### Supplied material:
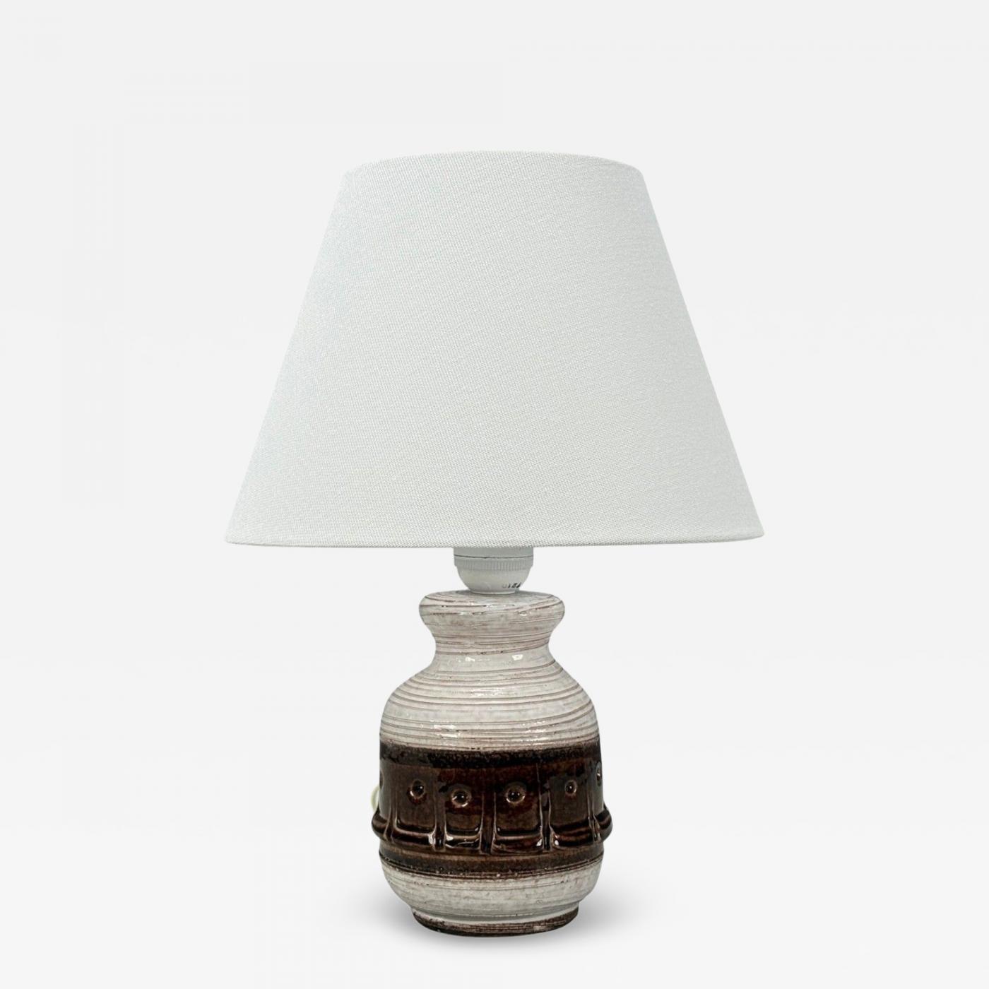A modernist white and brown glazed table lamp produced by an unknown ceramicist in Denmark in the later half of the 20th century. Will be re-wired upon purchase.
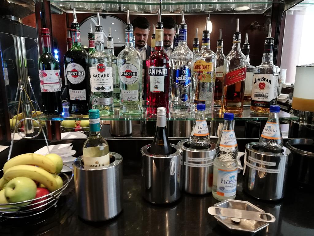Die Kaffeemaschine war in Ordnung. Die Auswahl an Weinen und Spirituosen war zwar nicht hochwertig, aber es gab eine vernünftige Auswahl.
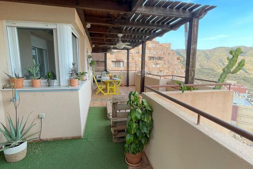 ¡ EN VENTA! 2 PISOS UNIDOS FÍSICAMENTE, PLAZA DE GARAJE Y 2 TRASTEROS en el mismo edificio, Con posibildiad de revertir al estado inicial y disponer de dos viviendas. No inmobiliarias por favor. Reformado con 2 Habitaciones, 2 baños (uno de ellos aseo con armario lavandería y almacenaje) 2 termos independientes, 1 de 100litros en el baño principal y otro de 50l. Vestíbulo con pintura mural única hecha por artista local. Cocina con lavaplatos, horno y agua por osmosis, vitrocerámica de 3 fuegos, fregadero doble y frigorífico combi grande, encimera de mármol blanco de Macael. Salón - comedor con salida a la terraza de 34m2 útiles cubierta por Pérgola de madera, 2 puntos de agua e instalación para ventiladores en el techo. Vistas panorámicas a la Bahía de Aguadulce y la montaña. La habitación principal dispone de dos zonas de vestidor diferenciadas y una zona de trabajo para un pequeño despacho. Salida a la terraza directa. Habitación secundaria con dos ventanas, papel pintado y puerta corredero que ahorra espacio. Espacio para dos camas, estantería y armario de 1,50. La vivienda dispone de 2 TRASTEROS y 1 PLAZA DE GARAJE, en el mismo edificio. Trasteros de 2,15m2 útiles cada uno y la plaza de garaje con 15m2 útiles, de fácil entrada y salida del garaje. Edificio con dos accesos por dos calles diferentes y jacuzzi en la última planta del edificio, con impresionantes vistas.
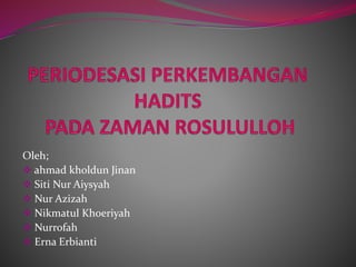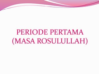 Dokumen ini membahas periode pertama penulisan hadis, yaitu masa Nabi Muhammad. Awalnya Nabi melarang penulisan hadis karena khawatir bercampur dengan Al Quran, namun kemudian diperbolehkan. Dokumen ini juga menjelaskan proses awal periwayatan hadis langsung dari Nabi kepada sahabat.
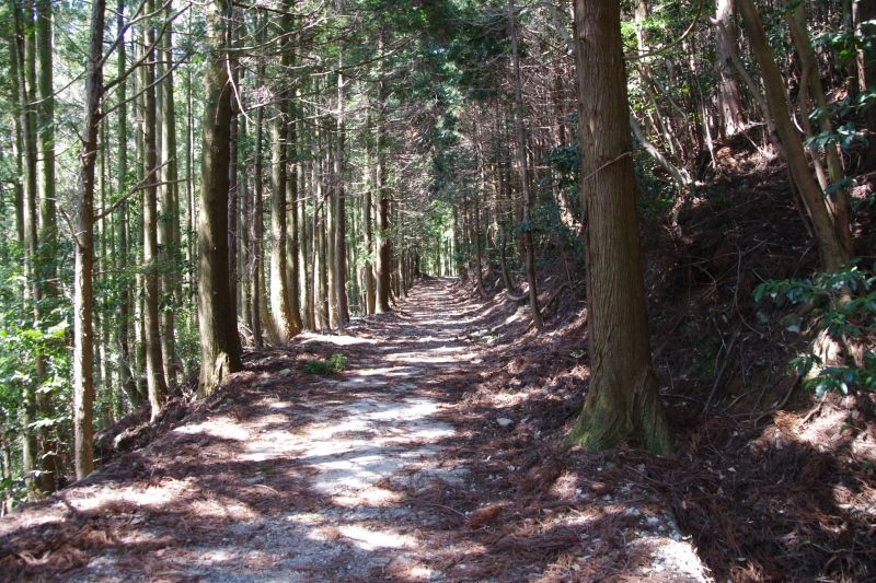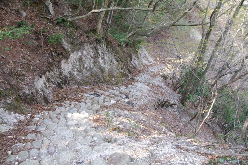 もう少し先で、分岐点です。谷には大きな石積みの堰堤が見えています。まっすぐ進むと旧国道に出て、石榑峠方面です。ここは左へ。
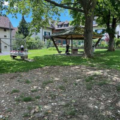 Auf dem kleinen Spielplatz befindet sich ein Kletterturm mit Rutsche und eine Schaukel. Der gedeckte Pavillon ermöglicht eine Zvieripause bei jeder Witterung.
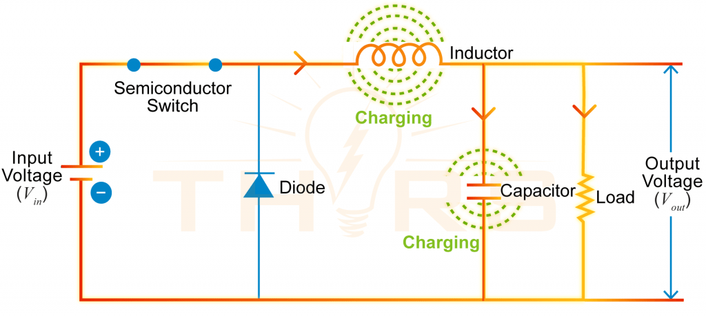 - Releases stored energy to the load when the semiconductor switch is OFF
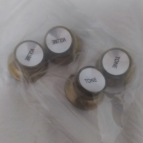 Jeg sælger er helt nyt sæt knapper fra Harley Benton til Stratocaster. De er i aged White, det inkludere 1x Volume, 2x Tone, 1x Swtich.
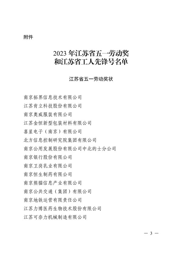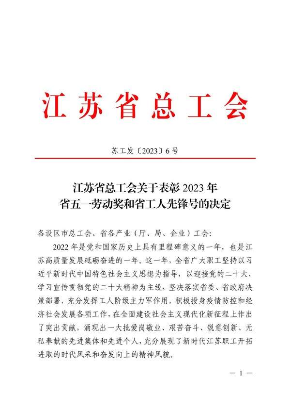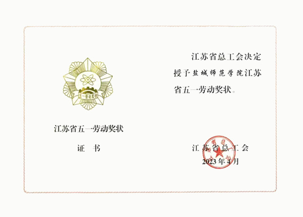 为在全社会弘扬劳动精神,培育新时代新风新貌,日前,在江苏省工会第十五次代表大会上,省总工会发布了《关于表彰2023年省五一劳动奖和省工人先锋号的决定》,对全省涌现出来的先进集体和先进个人进行表彰,我校荣获“江苏省五一劳动奖状”。

### Problem to work on:
Would you print the material exactly once more, without any of its pictures?

### Result of the task:
A modernist white and brown glazed table lamp produced by an unknown ceramicist in Denmark in the later half of the 20th century. Will be re-wired upon purchase.
Die Kaffeemaschine war in Ordnung. Die Auswahl an Weinen und Spirituosen war zwar nicht hochwertig, aber es gab eine vernünftige Auswahl.
 ¡ EN VENTA! 2 PISOS UNIDOS FÍSICAMENTE, PLAZA DE GARAJE Y 2 TRASTEROS en el mismo edificio, Con posibildiad de revertir al estado inicial y disponer de dos viviendas. No inmobiliarias por favor. Reformado con 2 Habitaciones, 2 baños (uno de ellos aseo con armario lavandería y almacenaje) 2 termos independientes, 1 de 100litros en el baño principal y otro de 50l. Vestíbulo con pintura mural única hecha por artista local. Cocina con lavaplatos, horno y agua por osmosis, vitrocerámica de 3 fuegos, fregadero doble y frigorífico combi grande, encimera de mármol blanco de Macael. Salón - comedor con salida a la terraza de 34m2 útiles cubierta por Pérgola de madera, 2 puntos de agua e instalación para ventiladores en el techo. Vistas panorámicas a la Bahía de Aguadulce y la montaña. La habitación principal dispone de dos zonas de vestidor diferenciadas y una zona de trabajo para un pequeño despacho. Salida a la terraza directa. Habitación secundaria con dos ventanas, papel pintado y puerta corredero que ahorra espacio. Espacio para dos camas, estantería y armario de 1,50. La vivienda dispone de 2 TRASTEROS y 1 PLAZA DE GARAJE, en el mismo edificio. Trasteros de 2,15m2 útiles cada uno y la plaza de garaje con 15m2 útiles, de fácil entrada y salida del garaje. Edificio con dos accesos por dos calles diferentes y jacuzzi en la última planta del edificio, con impresionantes vistas.
 Dokumen ini membahas periode pertama penulisan hadis, yaitu masa Nabi Muhammad. Awalnya Nabi melarang penulisan hadis karena khawatir bercampur dengan Al Quran, namun kemudian diperbolehkan. Dokumen ini juga menjelaskan proses awal periwayatan hadis langsung dari Nabi kepada sahabat.
 もう少し先で、分岐点です。谷には大きな石積みの堰堤が見えています。まっすぐ進むと旧国道に出て、石榑峠方面です。ここは左へ。
 Auf dem kleinen Spielplatz befindet sich ein Kletterturm mit Rutsche und eine Schaukel. Der gedeckte Pavillon ermöglicht eine Zvieripause bei jeder Witterung.
 - Releases stored energy to the load when the semiconductor switch is OFF
 Jeg sælger er helt nyt sæt knapper fra Harley Benton til Stratocaster. De er i aged White, det inkludere 1x Volume, 2x Tone, 1x Swtich.
 为在全社会弘扬劳动精神,培育新时代新风新貌,日前,在江苏省工会第十五次代表大会上,省总工会发布了《关于表彰2023年省五一劳动奖和省工人先锋号的决定》,对全省涌现出来的先进集体和先进个人进行表彰,我校荣获“江苏省五一劳动奖状”。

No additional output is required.